Os ratos, este pequeno clássico da literatura brasileira, lembra-nos daquilo que é essencial: a arte de contar uma boa estória. Sem resvalar por lugares-comuns ou adotar estereótipos de fácil assimilação, o enredo não poderia ser mais simples: precisando de dinheiro para pagar o leiteiro, Naziazeno sai à rua para tentar cavar o dinheiro. Um dia inteiro passado num círculo infernal que tenta se completar a todo custo.
Como toda boa literatura, a pequena epopeia não orgulhosa de Naziazeno poderá ser apreendida sob vários níveis. É por si mesma uma excelente estória; entretanto, há várias camadas e metáforas que compõem a caminhada de nosso anti-herói pela cidade – a ponto de críticos autorizados compararem este livro às poderosas narrativas russas do século XIX. O errante personagem causará emoções conflituosas no leitor – como, repita-se, toda boa literatura faz.

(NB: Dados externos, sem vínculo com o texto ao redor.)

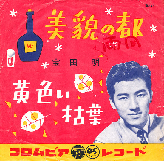 ダンディ極まりない宝田明ですが若い時の美形っぷりに驚かされます。1957年に発売された二枚目ムード歌謡「美貌の都」7吋盤です。作詞:西條八十、作曲:上原げんと。都会の男女の、ある意味さっぱりした恋模様をムーディサウンドに乗せて。

No fim do dia, Naziazeno arrisca tudo porque nada tem. Vive cercado pelo drama da luta quase desesperada pela sobrevivência digna, que se renova a cada dia. Uma estória que é de muitos.
Motivos para ler:
1- Dyonelio Machado (1895-1985), de origem muito humilde, sagrou-se psiquiatra e produziu, nas palavras da crítica, uma literatura “parca porém instigante”. Os ratos é sua obra-prima. Dividido em 28 curtíssimos capítulos, induz uma luz originalíssima sobre o prosaico – algo sempre muito difícil de atingir;
2- Entre bondes e caminhadas, desencontros e rejeições, apostas em roletas, agiotas e tantas outras desventuras, a rebaixada jornada angustiante de Naziazeno trespassará as páginas e atingirá o coração do leitor. Não se perturbe com isso. Mais uma vez e de novo, repetimos: é isso que a boa literatura faz;
3- O fluxo de consciência final no lusco-fusco do quase sono de Naziazeno encerra magistralmente o romance. Toda a angústia se prolonga até a última frase do livro, quando o desfecho é revelado. Eis um livro que merece, com vigor, voltar às pautas de debate nos múltiplos círculos da sociedade.